Sun, Jul 17, 2005 - Page 17 News List

All fished out

As fish stocks around Taiwan and across the globe continue to shrink in number, the problem of overfishing grows larger

By David Momphard  /  STAFF REPORTER

Taiwan will meet with Japan next week to try and calm the waters surrounding the disputed Diaoyutai (釣魚台) archipelago. Both countries, as well as China, claim ownership of the island chain. And though the islands themselves are nearly deserted, the waters around them are an historic fishing ground.

But the recent headlines created by frustrated fishermen and crusading politicians have ignored a larger problem with the Diaoyutai archipelago: the fish being fought over are dwindling in number.

According to both government agencies and nongovernmental organizations, the amount of fish caught around the Diaoyutais -- as with all fishing grounds around the world -- has dropped as a result of overfishing. The bigger problem, they say, isn't that fishermen's rights are being impinged, but rather that fishermen have plied their trade all too well.

Of course, the dispute surrounding the Diaoyutais is about more than fishing rights. Issues of sovereignty and the protection of exclusive economic zones become more important given the prospect that the islands may be a potential source of oil. But the fish that swim through the waters there care nothing about sovereignty or economic zones. And one of these fish is valuable enough to cause fishermen not care either.

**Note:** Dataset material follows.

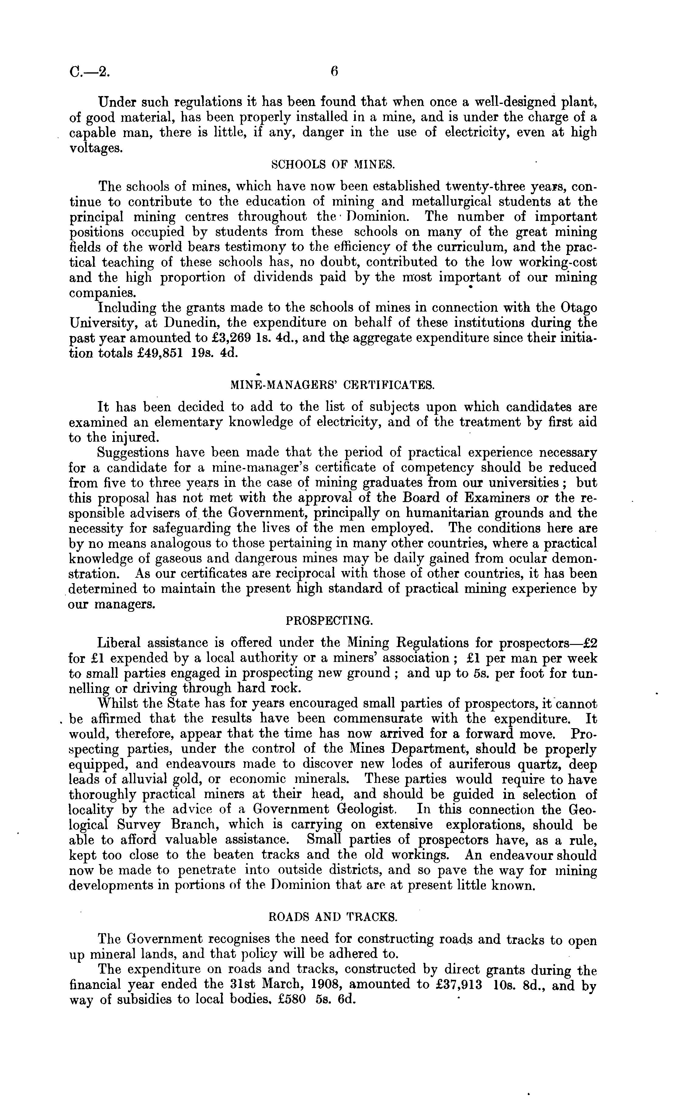 Under such regulations it has been found that when once a well-designed plant, of good material, has been properly installed in a mine, and is under the charge of a capable man, there is little, if any, danger in the use of electricity, even at high voltages. SCHOOLS OF MINES. The schools of mines, which have now been established twenty-three years, continue to contribute to the education of mining and metallurgical students at the principal mining centres throughout the ■ Dominion. The number of important positions occupied by students from these schools on many of the great mining fields of the world bears testimony to the efficiency of the curriculum, and the practical teaching of these schools has, no doubt, contributed to the low working-cost and the high proportion of dividends paid by the most important of our mining companies. Including the grants made to the schools of mines in connection with the Otago University, at Dunedin, the expenditure on behalf of these institutions during the past year amounted to £3,269 Is. 4d., and the aggregate expenditure since their initiation totals £49,851 19s. 4d. MINE-MANAGERS' CERTIFICATES. It has been decided to add to the list of subjects upon which candidates are examined an elementary knowledge of electricity, and of the treatment by first aid to the injured. Suggestions have been made that the period of practical experience necessary for a candidate for a mine-manager's certificate of competency should be reduced from five to three years in the case of mining graduates from our universities; but this proposal has not met with the approval of the Board of Examiners or the responsible advisers of the Government, principally on humanitarian grounds and the necessity for safeguarding the lives of the men employed. The conditions here are by no means analogous to those pertaining in many other countries, where a practical knowledge of gaseous and dangerous mines may be daily gained from ocular demonstration. As our certificates are reciprocal with those of other countries, it has been determined to maintain the present high standard of practical mining experience by our managers. PROSPECTING. Liberal assistance is offered under the Mining Regulations for prospectors —£2 for £1 expended by a local authority or a miners' association ; £1 per man per week to small parties engaged in prospecting new ground ; and up to ss. per foot for tunnelling or driving through hard rock. Whilst the State has for years encouraged small parties of prospectors, it cannot be affirmed that the results have been commensurate with the expenditure. It would, therefore, appear that the time has now arrived for a forward move. Prospecting parties, under the control of the Mines Department, should be properly equipped, and endeavours made to discover new lodes of auriferous quartz, deep leads of alluvial gold, or economic minerals. These parties would require to have thoroughly practical miners at their head, and should be guided in selection of locality by the advice of a Government Geologist. In this connection the Geological Survey Branch, which is carrying on extensive explorations, should be able to afford valuable, assistance. Small parties of prospectors have, as a rule, kept too close to the beaten tracks and the old workings. An endeavour should now be made to penetrate into outside districts, and so pave the way for mining developments in portions of the Dominion that are at present little known. ROADS AND TRACKS. The Government recognises the need for constructing roads and tracks to open up mineral lands, and that policy will be adhered to. The expenditure on roads and tracks, constructed by direct grants during the financial year ended the 31st March, 1908, amounted to £37,913 10s. Bd., and by way of subsidies to local bodies, £580 ss. 6d.

Few other fish have as much value per pound at market as tuna. In Taiwan, the fishing industry accounted for 1.54 percent of the nation's GDP in 2003, or nearly NT$100 billion. Tuna made up one-third, or NT$33 billion of that amount. The five main commercial species of the fish -- skipjack, yellowfin, bluefin, bigeye and albacore -- are so important to the global fishing industry that they even have five regional fishery management organizations (RFMOs) around the world working together to ensure they continue to thrive.

The question is whether tuna and other species thrive enough. RFMOs rely on data compiled by scientists who essentially guess at the number of tuna and other species. They give their data and recommendations to the RFMOs, who negotiate catch quotas. The number they're looking for is a species' maximum sustainable yield (MSY), or the greatest number of a species that can be caught in a season without depleting its stock.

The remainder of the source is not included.